All lines from the one containing "Ajoutez une touche" through the last line of the listing below are to be copied exactly. Exclude the pictures.

**Source material:**
════════════════════

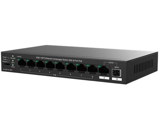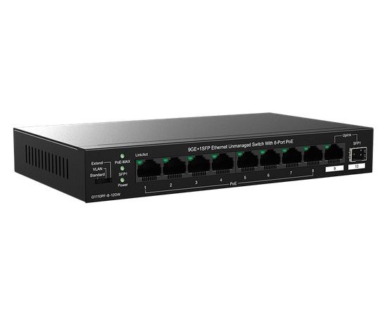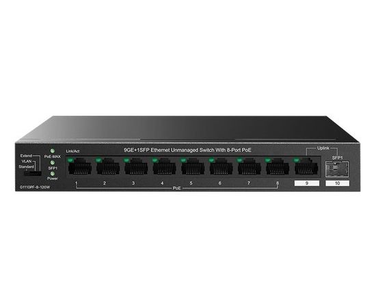 Коммутатор IP-COM G1110PF-8-120W неуправляемый PoE, 10 портов, 9x1 Гбит/с, SFP 1х1 Гбит/с, PoE 8х30 Вт (до 102 Вт)
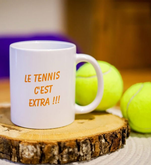 Ajoutez une touche de fun et d’énergie à vos pauses café ou chocolat chaud avec notre mug ExtraTennis – Édition Mascotte !
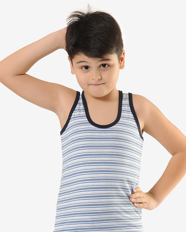Детская футболка для мальчиков из набивного хлопка в горизонтальную полоску. При заказе через интернет-магазин указывайте в комментариях цвет изделия.

════════════════════

**The completed task:**
 Ajoutez une touche de fun et d’énergie à vos pauses café ou chocolat chaud avec notre mug ExtraTennis – Édition Mascotte !
Детская футболка для мальчиков из набивного хлопка в горизонтальную полоску. При заказе через интернет-магазин указывайте в комментариях цвет изделия.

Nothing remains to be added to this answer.